Exploring Fermi's Paradox using an Intragalactic Colonization Model

TL;DR

This paper models interstellar civilization dispersal and conflicts to investigate Fermi's Paradox, revealing how civilization growth balance affects galaxy colonization patterns and the potential persistence of small civilizations.

Contribution

It introduces a novel simulation framework combining differential equations, a battle model, and Unity engine to analyze galaxy-wide colonization and conflict dynamics.

Findings

Civilizations can collapse if growth is unbalanced.

Dominating civilizations create large spatial gaps.

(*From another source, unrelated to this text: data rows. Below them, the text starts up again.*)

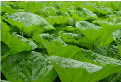
Pestskräp användes förr i tiden av munkarna som botemedel mot pest. De stora bladen är de största som finns i svensk flora.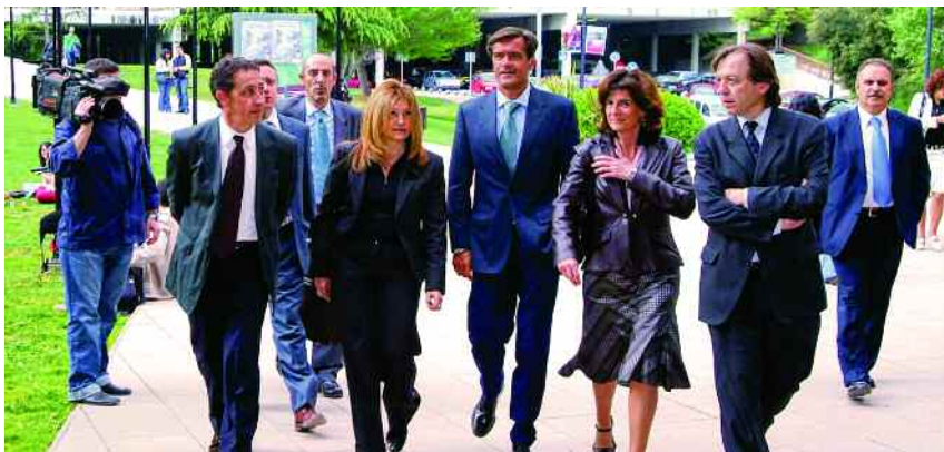
El ministre Juan Fernando López Aguilar (al centre), arribant a la Facultat de Dret de la UAB el 20 d'abril passat.

El ministre va defensar les lleis que han permès eliminar discriminacions en el dret de família, i va afirmar que el matrimoni entre persones del mateix sexe forma part de la llibertat i del pluralisme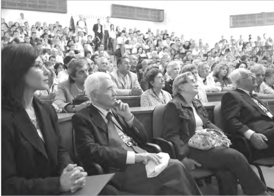
Pilav Günü, İİBF mezunlarını bir kez daha bir araya getirdi.

Çalışma öncesinde grup dinamiğini oluşturmak ve iletişimi arttırmak amacıyla ısınma ve kaynaşma etkinliği yapıldı. Daha sonra gruplar oluşturularak beyin fırtınası etkinliği ile düşünceler üretildi. Her bir grup hiçbir engelleme ile karşılaşmadan düşüncelerini paylaştı. Sonuçta, bölümün güçlü ve zayıf yönleri SWOT analiz tekniğiyle incelenerek, fırsatların ve dışardan gelebilecek olası tehditlerin neler olabileceği saptandı. Oldukça neşeli ve demokratik bir ortamda düşüncelerin üretildiği toplantı başarıyla tamamlandı.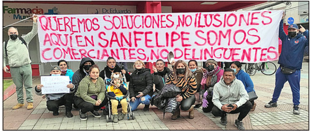
Poco más de una docena de comerciantes ambulantes llegaron hasta el centro esta vez no a trabajar, si no a protestar frente al municipio.

Respecto de la intención por formalizar sus trabajos, precisaron que «queremos formalizarnos, pero no tenemos la ayuda de nadie, nadie nos ha llamado para formar una mesa de diálogo con esas propuestas, no. Tenemos intención de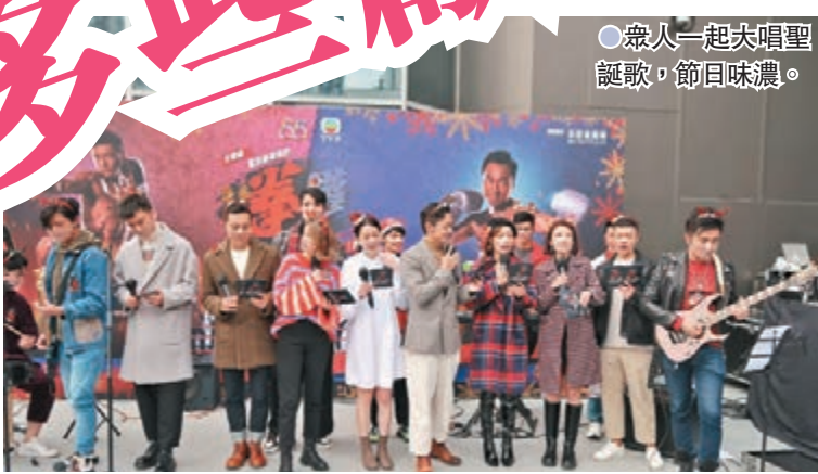
● 眾人一起大唱聖誕歌,節目味濃。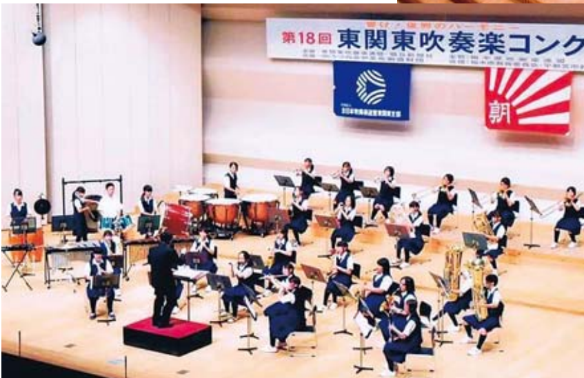
▲綾瀬中学校吹奏楽部

に加え、24年度県吹奏楽コンクール金賞、東関東吹奏楽コンクール銀賞の綾瀬中学校吹奏楽部との合同演奏を披露します。演奏の指揮を体験できるほか、来場者の皆さんと一緒に歌う曲目もあります。フルオーケストラの演奏が鑑賞できる貴重な機会です。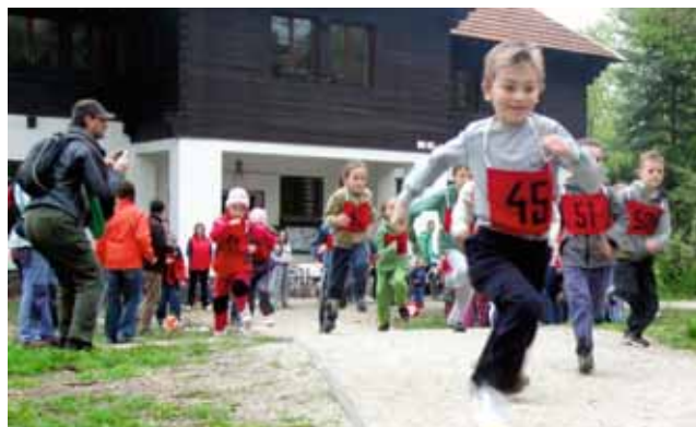
Najmladší účastníci behu mesta Pezinok

Štrnásteho apríla sa za účasti 77 pretekárov uskutočnil 34. ročník Behu mesta Pezinok.

Small civilizations may persist in gaps left by larger ones.

Abstract

We explore Fermi's Paradox via a system of differential equations and using simulations of dispersal and interactions between competing interplanetary civilizations. To quantify the resources and potentials of these worlds, three different state variables representing population, environment, and technology, are used. When encounters occur between two different civilizations, the deterministic Lanchester Battle Model is used to determine the outcome of the conflict. We use the Unity engine to simulate the possible outcomes of colonization by different types of civilizations to further investigate Fermi's question. When growth rates of population, technology and nature are out of balance, planetary civilizations can collapse. If the balance is adequate, then some civilizations can develop into dominating ones; nevertheless, they leave large spatial gaps in the distribution of their colonies. The unexpected result is that small civilizations can be left in existence by dominating civilizations in a galaxy due to those large gaps. Our results provide some insights into the validity of various solutions to Fermi's Paradox.